Task description:
Could you filter the records below and keep only the lines with the word "para"?

Records for this exercise:
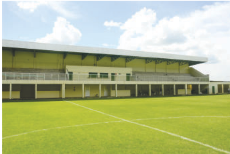
Arena tem capacidade para oito mil pessoas e um campo nos padrões oficiais estabelecidos pela Federação Mineira de Futebol
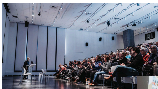
Utrinki s simpozija
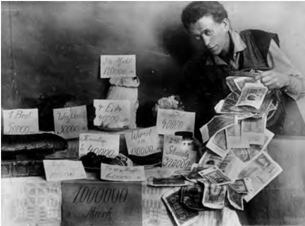
A – Preços de alimentos em milhões de marcos, durante a hiperinflação alemã.
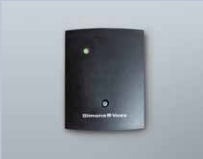
Digitales Smart Relais 3063
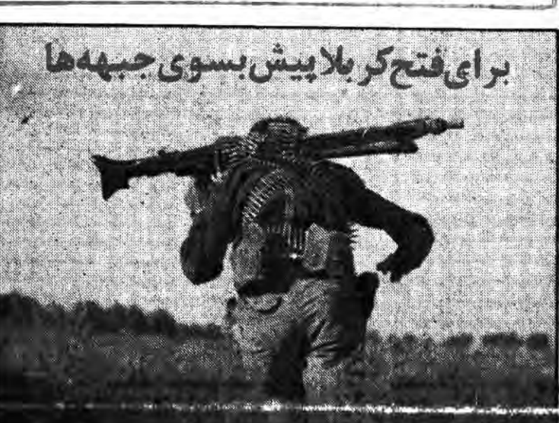
برای فتح کر بلا پیش بسوی جبهه‌ها

جمهوری اسلامی ۱۲ صفحه شنبه ۲۲ اسفند ۱۳۶۰ - شماره ۸۰۸ - سال سوم - شماره ۲۰۰
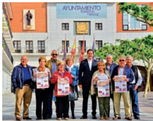
Presentación de la programación

Además de las artes escénicas, también habrá lugar para otro tipo de actos en esta semana. El día 16 girará en torno a la salud, con una sesión de gimnasia al aire libre, y la charla coloquio 'Dolor crónico y bienestar, ¿es posible?'. El miércoles 17 se presentará el libro 'Tienes una abeja en el bastón'. En esta misma jornada también se celebrará el Encuentro Musical Intergeneracional en el Salón de Actos de Fronteras
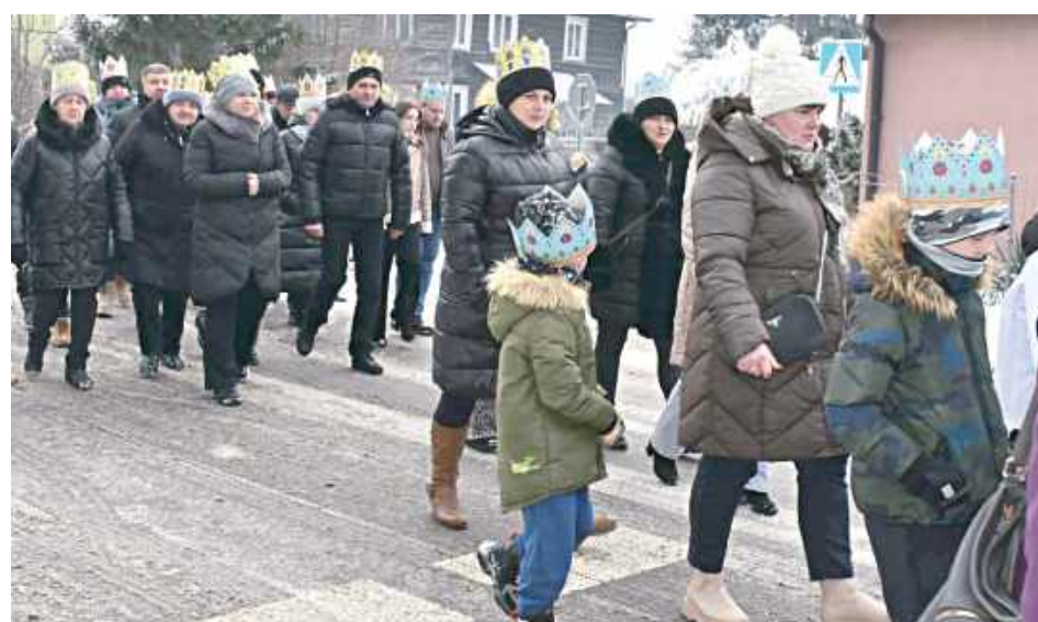
Mieszkańcy Turobina przeszli 6 stycznia w Orszaku Trzech Króli

W Uroczystość Objawienia Pańskiego, 6 stycznia w Turobinie odbył się Orszak Trzech Króli, który zgromadził mieszkańców gminy oraz gości pragnących wspólnie przeżyć to tradycyjne i radosne wydarzenie. Barwny przemarsz, jasełka oraz wspólna modlitwa stworzyły wyjątkową atmosferę święta.
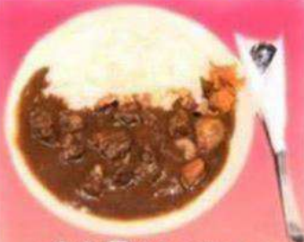
焼肉屋さんのカレー 倉石牛ごろごろカレーライス
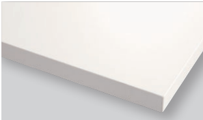
White ホワイト (HT)
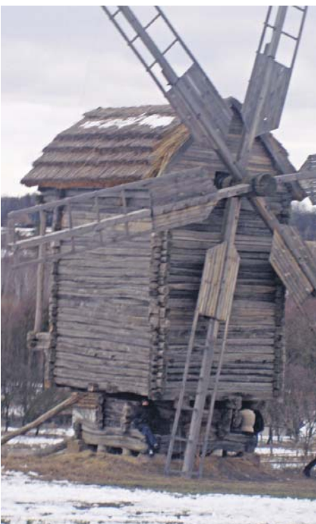
Володарі вітрів музею

Наша держава пройшла різні за значимістю історичні віхи та періоди. Проте найцікавіший, напевне, той, що найбільше хвилює уяву дивними, у розрізі сучасності, звичаями, незвичним, але яскравим вбранням, житлом, посудом, музикою чи поезією. Сьогодні, аби мандрувати століттями, не потрібна машина часу. Віки, що відійшли у небуття, нашим мріям нині – не перешкода. Адже доторкнутися до історії, відчутти колорит українського села – справжнього, без прикрас, допоможе етнографічний музей під відкритим небом у Пирогово.
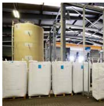
Urban Mining Corp: Biddinghuizen
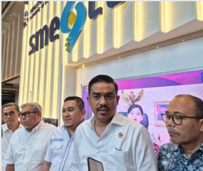
12月29日，中小微企业部长马曼·阿卜杜勒拉赫曼在雅加达办公室举行新闻发布会。

【本 报 讯】政府正计划对部分长期以明显低价在国内市场销售的进口商品设定销售指导价，以防止低价倾销行为扰乱市场秩序，并保护本国产业的可持续发展。

Solution for this problem:
Arena tem capacidade para oito mil pessoas e um campo nos padrões oficiais estabelecidos pela Federação Mineira de Futebol
Además de las artes escénicas, también habrá lugar para otro tipo de actos en esta semana. El día 16 girará en torno a la salud, con una sesión de gimnasia al aire libre, y la charla coloquio 'Dolor crónico y bienestar, ¿es posible?'. El miércoles 17 se presentará el libro 'Tienes una abeja en el bastón'. En esta misma jornada también se celebrará el Encuentro Musical Intergeneracional en el Salón de Actos de Fronteras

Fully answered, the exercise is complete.